We apply variational autoencoders (VAE) to X-ray diffraction (XRD) data analysis on both simulated and experimental thin-film data. We show that crystal structure representations learned by a VAE reveal latent information, such as the structural similarity of textured diffraction patterns. While other artificial intelligence (AI) agents are effective at classifying XRD data into known phases, a similarly conditioned VAE is uniquely effective at knowing what it doesn’t know: it can rapidly identify data outside the distribution it was trained on, such as novel phases and mixtures.
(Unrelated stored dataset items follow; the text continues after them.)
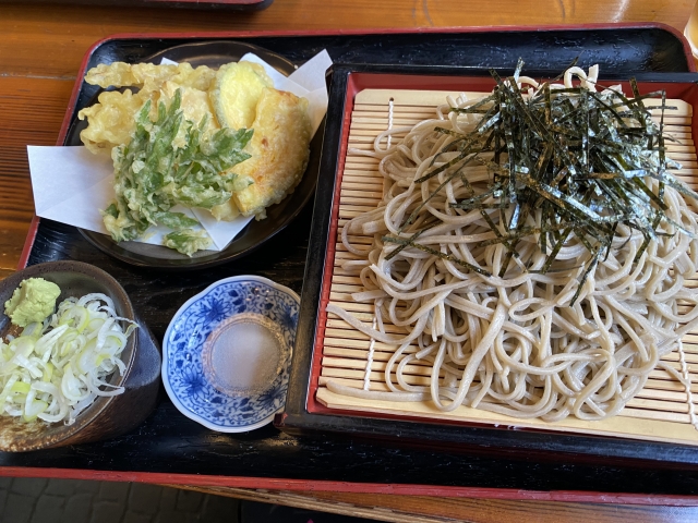 ざる蕎麦と天ぷらは1人前ずつ大きめのお盆に載ってきたのですが、義姉は蕎麦を1本だけ取ると、お盆の上に直に乗せ、膝に座らせていた自身の子どもに向かって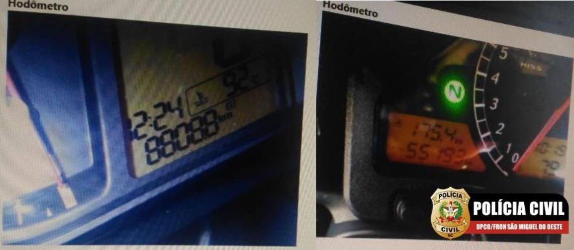 A Polícia Civil cumpriu dez mandados de busca e apreensão em revendedoras de veículos e nas casas de empresários, nas cidades de São Miguel do Oeste e Belmonte, na região Oeste de Santa Catarina, com a finalidade de apurar a adulteração de hodômetros de automóveis. Foram apreendidos diversos aparelhos eletrônicos utilizados para realizar a redução da quilometragem nos hodômetros dos carros, celulares e computadores. Um total de 26 veículos com suspeita de fraude foram apreendidos e serão submetidos à perícia.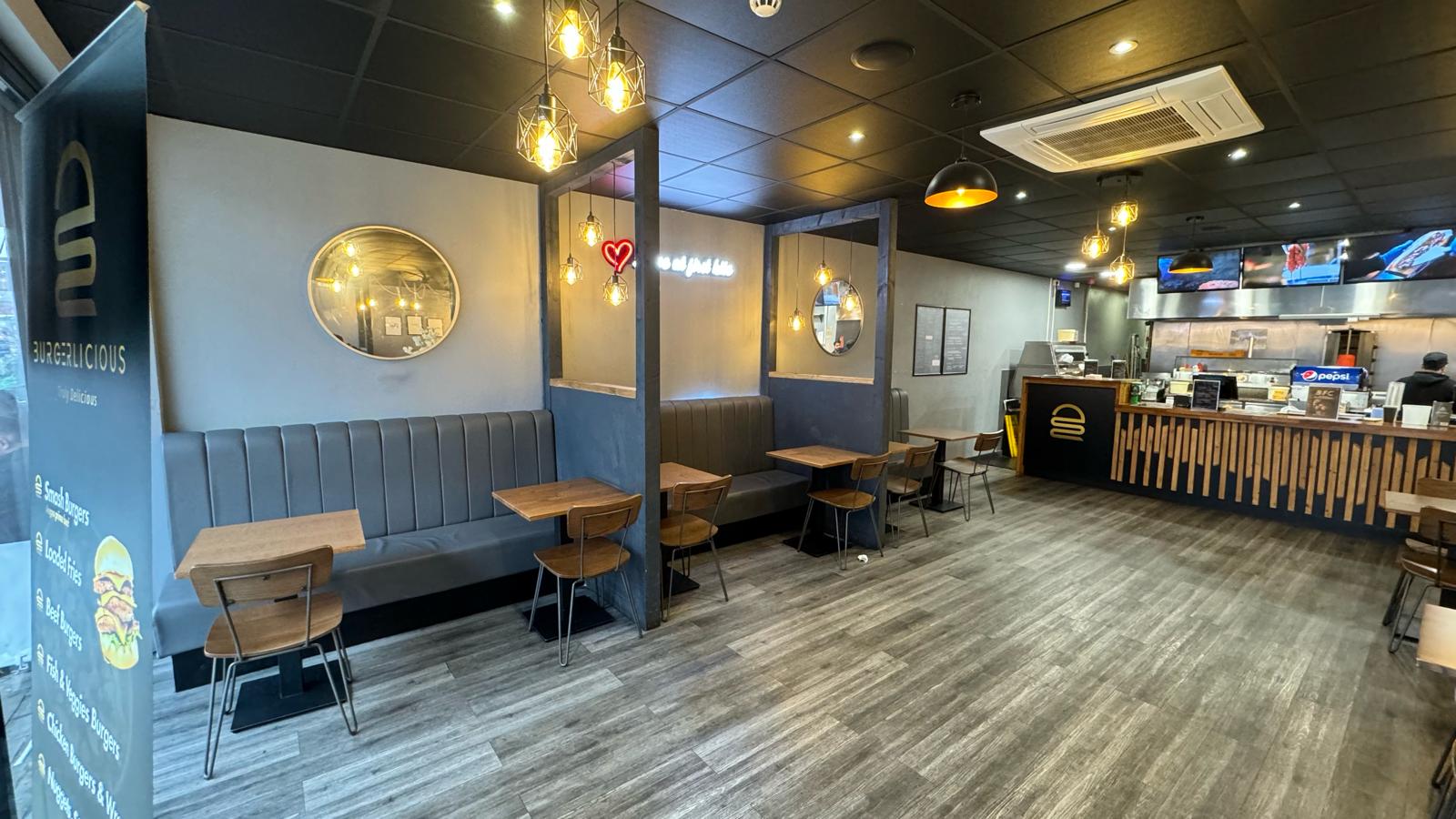 Burgerlicious which has traded for 2 years and thrived with a turnover in excess of £700,000 . It boasts a 5 Star Hygiene Rating and a 4.6/5 rating with over 180 great Google reviews. The business is fully staff run and employs 10 staff. This is a great opportunity to purchase an established takeaway with a turnkey operation which is a great base to build upon. As such early viewing is highly recommended. The premises was fully fitted out prior to the launch at an expense of around £120,000 and is well maintained to a high standard. The restaurant seats around 40 customers at full capacity. The current lease is to be assigned to the new owner and has around 8 years remaining at an asking rent of £15,000 plus VAT per annum. A service charges also payable at £2,400 per annum. We believe the business will prove a successful acquisition, especially for a dedicated, enthusiastic purchaser to continue to exploit the full potential and derive maximum profits.

These capabilities demonstrate that a VAE is a valuable AI agent for aiding materials discovery and understanding XRD measurements both ‘on-the-fly’ and during post hoc analysis.

Highlights

  • Innovations in high-throughput and autonomous experimentation[1,2,3,4] are exceedingly increasing the acquisition rate of data, in the case of X-ray diffraction (XRD)

  • Recent progress has been made in using artificial intelligence (AI) for unsupervised XRD dataset decomposition[6,7], crystal structure classification[8,9,10,11,12,13,14,15,16,17,18,19,20], and integrating the latter with autonomous experimentation[21]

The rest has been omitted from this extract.